Segment Start: Material to process

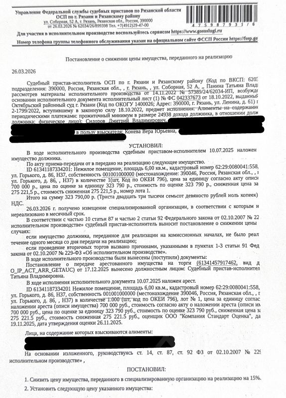 Помещение, назначение: нежилое, наименование: нежилое помещение, площадь 6 кв.м., кадастровый номер 62:29:0080041:558, местоположение: г.Рязань, ул.Горького, д.86, Н37. Взыскатель: Сидорова В.Ю. Начальная цена: 275 221 (Двести семьдесят пять тысяч двести двадцать один) руб. 50 коп., без НДС. Задаток: 130 000 (Сто тридцать тысяч) руб. 00 коп.; Шаг аукциона 1%: 2 752 (Две тысячи семьсот пятьдесят два рубля) руб. 22 коп.
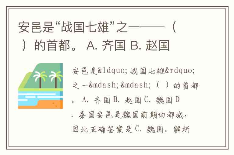 安邑是“战国七雄”之一——( )的首都。 A. 齐国 B. 赵国 C. 魏国 D. 秦国
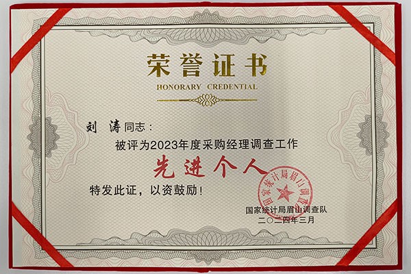 通威太陽能(眉山)有限公司員工榮獲“2023年度眉山市采購經理調查工作先進個人”表彰
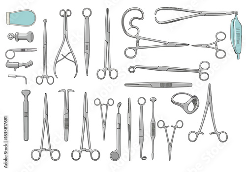 Surgical Instruments Collection: Forceps Clamps and Tools for Medical Procedures.
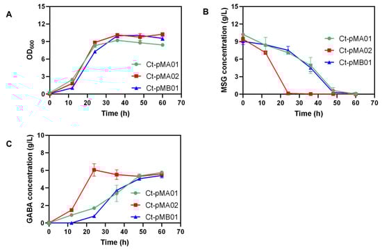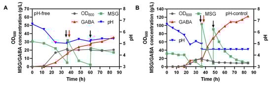 3.5. Improvement of GABA Biosynthesis by Two-Stage Strategy Using Glutamate Acid (L-Glu) as Substrate
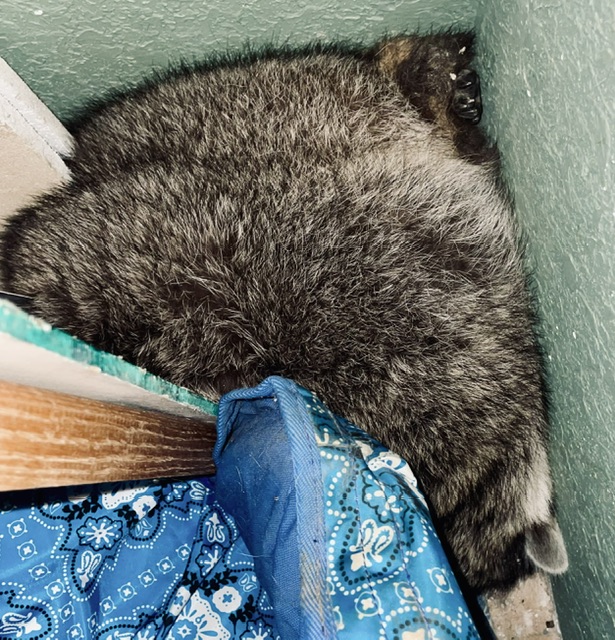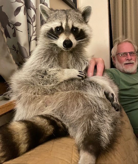 Last spring, we were asked if we were in a position to care for an 8-year-old male raccoon named Elvis. He had quite a backstory. Long-story-short, the raccoon came here in a cage. His mother was shot and killed before she could teach him how to be wild and free. He grew up in a house, and indoors is what he has always known. While a long-ago head injury and neutering tempered the more destructive nature of his kind, he still had a full set of teeth and was absolutely terrified. His diet had to be altered as well, from a reliance on people-food to fruits, veggies, protein bites and absolutely no more potato chips. It took several weeks of coaxing and a name change before Elvis became Emerson, king of the tallest bookcase, keeper of squeaky toys (unless Quinn the Fox steals them), and puller of earlobes. Thankfully, he was litterbox-trained when he arrived and never misses.
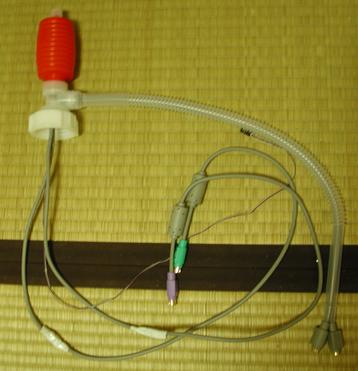 신형의 펌프 스윗치에 키보드와 마우스의 연장 케이블을 통해 완성 연장 케이블은 그대로는 통하지 않기 때문에, 일단 자르고 나서 통하고, 또 이었다.
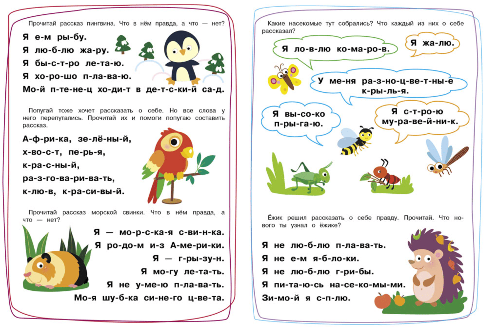 This activity requires children to not only read sentences and phrases but also complete tasks. This will motivate them to read and help them understand why they need to read—to learn new things. Furthermore, completing the tasks will help develop their speech, logic, attention, and memory skills. They will gain a wealth of knowledge about the world around them and learn to perform various mental operations, such as comparison, analysis, synthesis, and so on. Thus, each activity not only trains their reading skills but also makes the learning process more holistic, presenting them with several challenges at once, while also turning the exercises into a fun game.
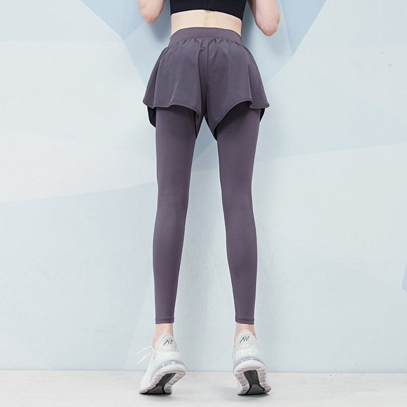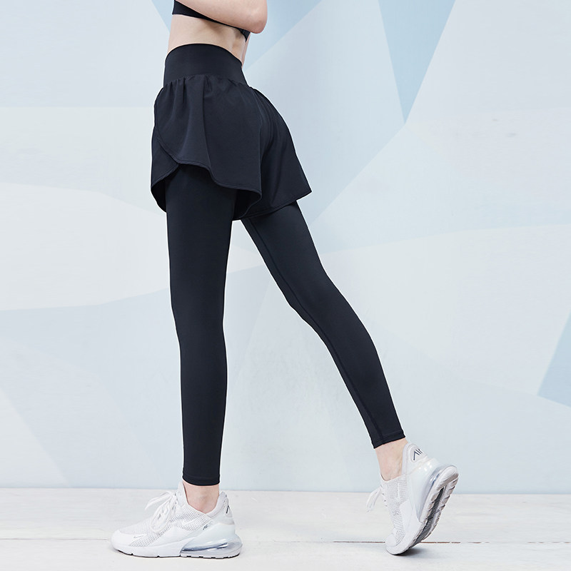 健身裤女秋冬季高腰提臀晨跑步运动紧身裤训练压缩假两件瑜伽长裤
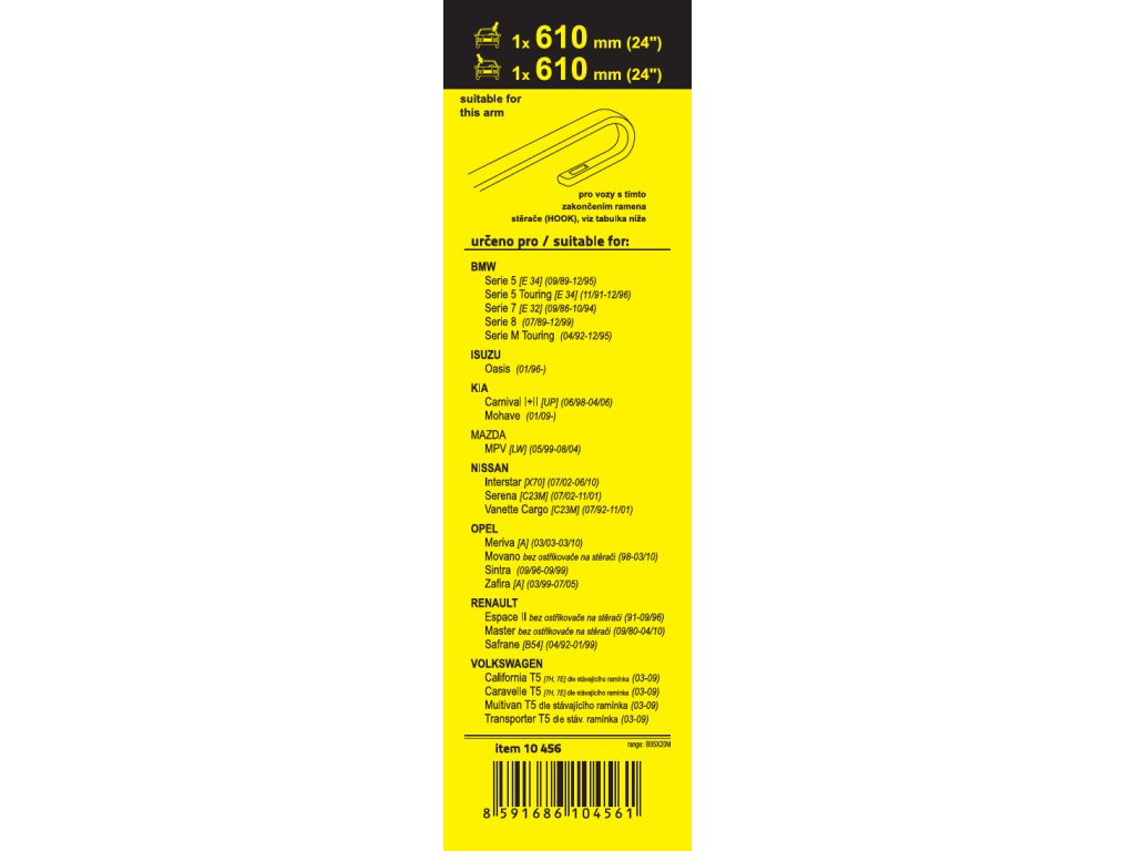 | Opel Movano [A] (bez ostřikovače na stěrači) | 06/98 - 03/10 |
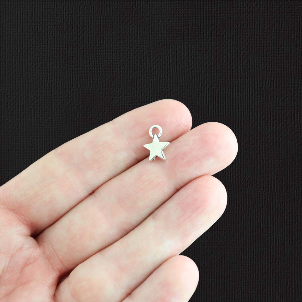 Breloques étoiles argentées antiques, en alliage de zinc. Parfait pour les bracelets, pendentifs, boucles d'oreilles, tirettes de fermeture éclair, signets et porte-clés !
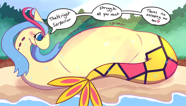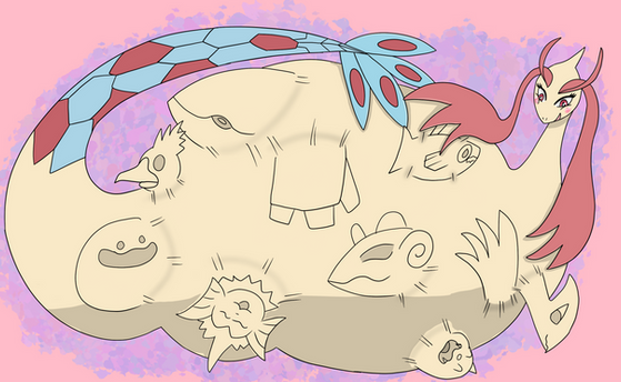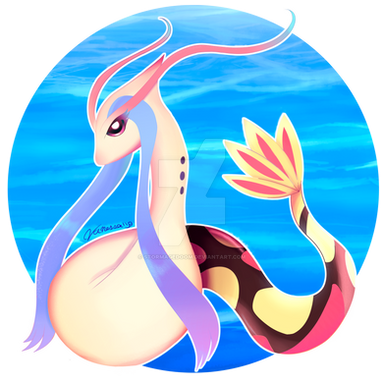Someone needs their beauty snack.ΒMilotic is pretty tops when it comes to girl-mons (or whatever you call them). She's got that cute look while having a pretty unique design too. Also, the idea of a serpentine creature wrapping around me and pressing their rumbling "belly" against my head is... intoxicating.

Segment End: Material to process

**Instructions to follow:** Please reproduce the entries above exactly, from their first line to the line holding "3.5. Improvement of" inclusive, and nothing else; the pictures stay out.

**Task answer:**
 Помещение, назначение: нежилое, наименование: нежилое помещение, площадь 6 кв.м., кадастровый номер 62:29:0080041:558, местоположение: г.Рязань, ул.Горького, д.86, Н37. Взыскатель: Сидорова В.Ю. Начальная цена: 275 221 (Двести семьдесят пять тысяч двести двадцать один) руб. 50 коп., без НДС. Задаток: 130 000 (Сто тридцать тысяч) руб. 00 коп.; Шаг аукциона 1%: 2 752 (Две тысячи семьсот пятьдесят два рубля) руб. 22 коп.
 安邑是“战国七雄”之一——( )的首都。 A. 齐国 B. 赵国 C. 魏国 D. 秦国
 通威太陽能(眉山)有限公司員工榮獲“2023年度眉山市采購經理調查工作先進個人”表彰
 Surgical Instruments Collection: Forceps Clamps and Tools for Medical Procedures.
 3.5. Improvement of GABA Biosynthesis by Two-Stage Strategy Using Glutamate Acid (L-Glu) as Substrate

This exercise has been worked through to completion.